I know this topic has been covered countless numbers of times - but (at least for me) this is such a big issue I just have to bring it up again…
I have a bunch of kernels, all of which run inside of a real time processing loop (processing video frames) - so performance is critical.
ALL of these kernels, have of my kernels spend more time sending memory to the GPU (cuMemcpyHtoD) than they do actually running the kernel (generally by a factor of 2-4 times longer uploading, than executing).
When profiling my kernels I start a timer (actually 2, my own performance timer, and CUDA’s timing events - both are generally within 50us of each other) just before I start setting up the kernel parameters (cuSetParam*), and stopping the timer afters I synchronize (for profiling purposes) after launching the kernel (cuCtxSynchronize after cuLaunchGrid).
Surprisingly, it’s worse if I use pinned memory w/ async memory transfers (the overhead involved in creating the pinned memory, copying my already existing memory over to it, and then deleting it afterwards is … tremendous).

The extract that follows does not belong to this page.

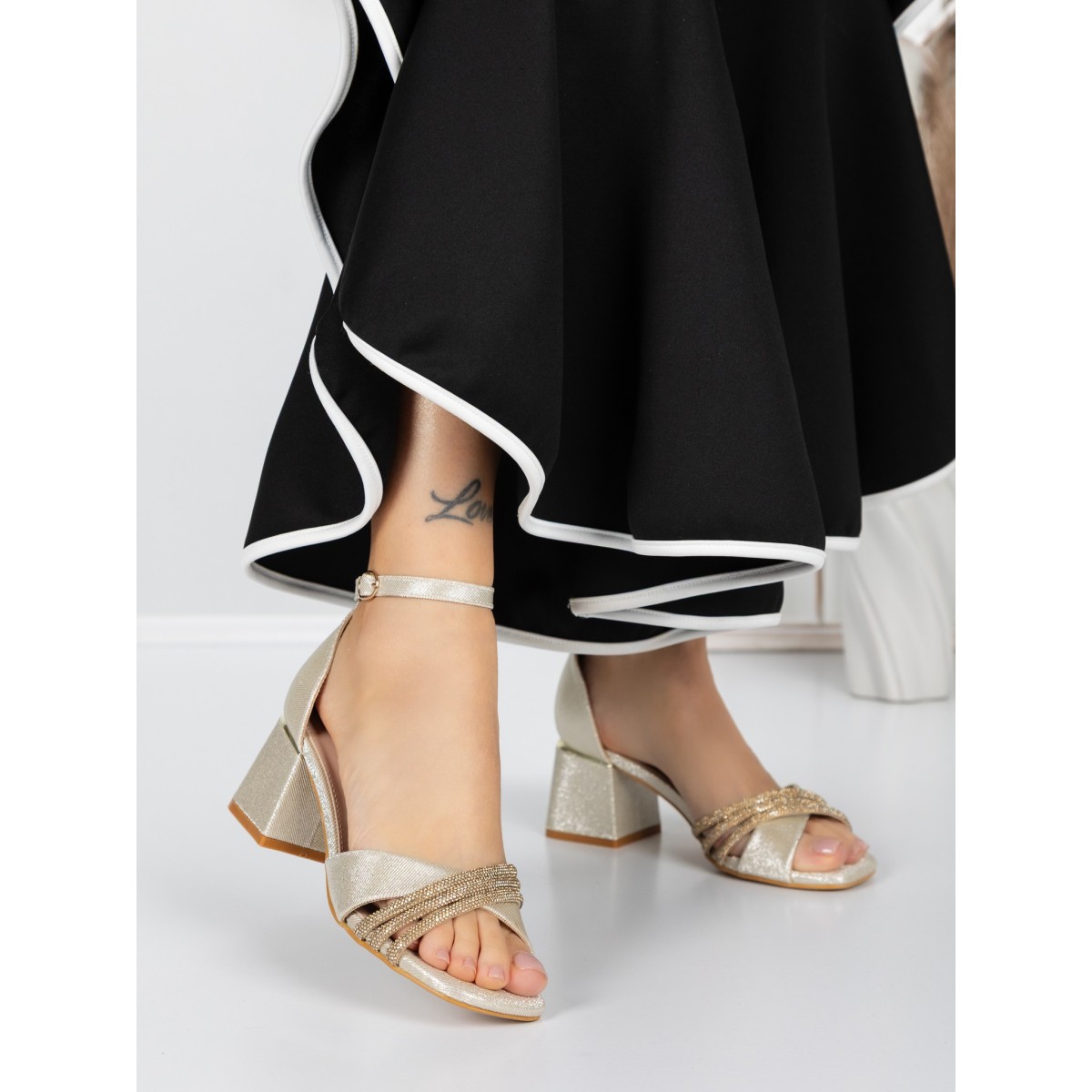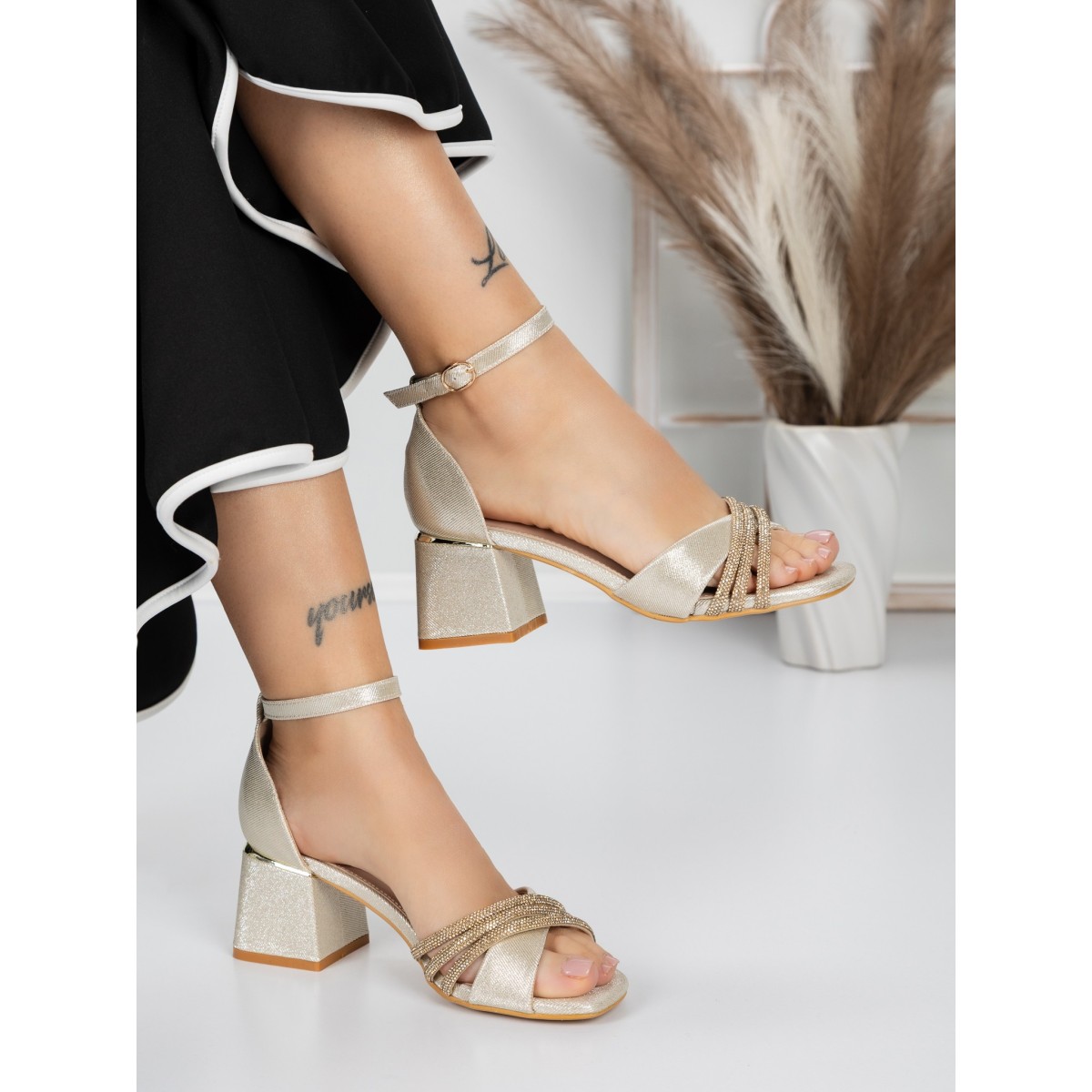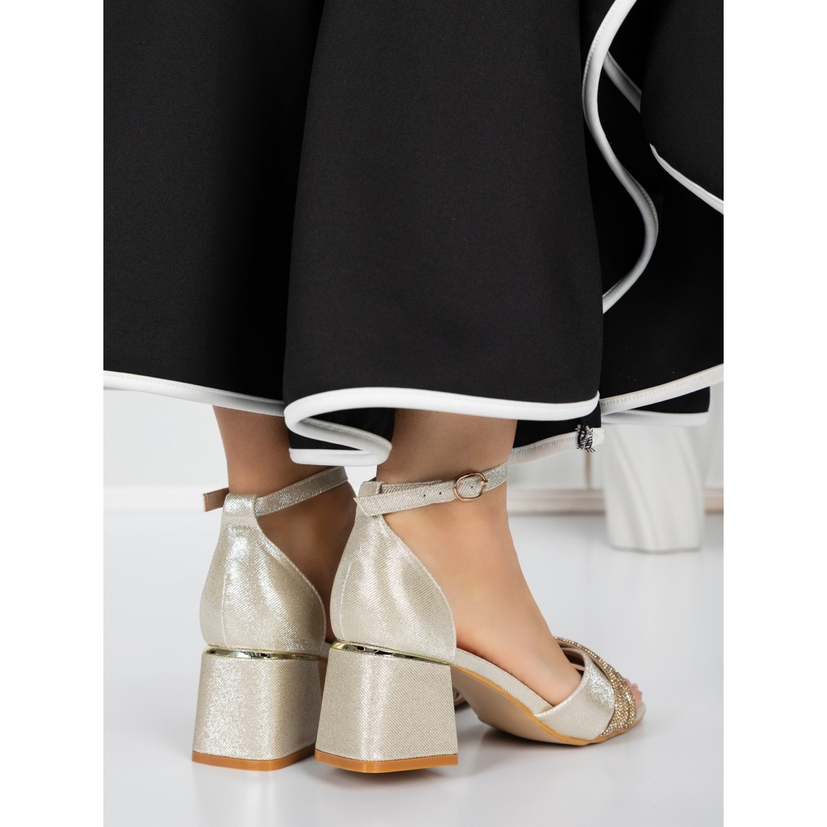 Sandale Dama cu Toc Gros 5GZ57 Auriu | Mei

In most cases I have at least 2kb of data I need to upload (and in most cases, download back to the host as well) - which generally consists of 2 and 3 dimensional vertex data, in extreme cases I have 10kb+ (normals/texture coordinates, 3x4/4x4 matrices, etc) - which generally takes 250us-1000ms to upload from pageable memory - and generally a lot less for pinned memory (but freeing it later has such a performance hit that it’s not worth it).
I’m currently working on minimizing how much I have to upload (eg: only uploading vertices when they change, etc) - but even with these optimizations, uploading even just a few bytes of data takes 50-100us (even worse on laptops/etc with bandwidth issues, in some cases 500us+ for 64 bytes) - compared to kernels which take anywhere between 50us and 400us.
I just wanted to know if everyone else is experiencing similar issues, or maybe some smarter ways of using pinned memory?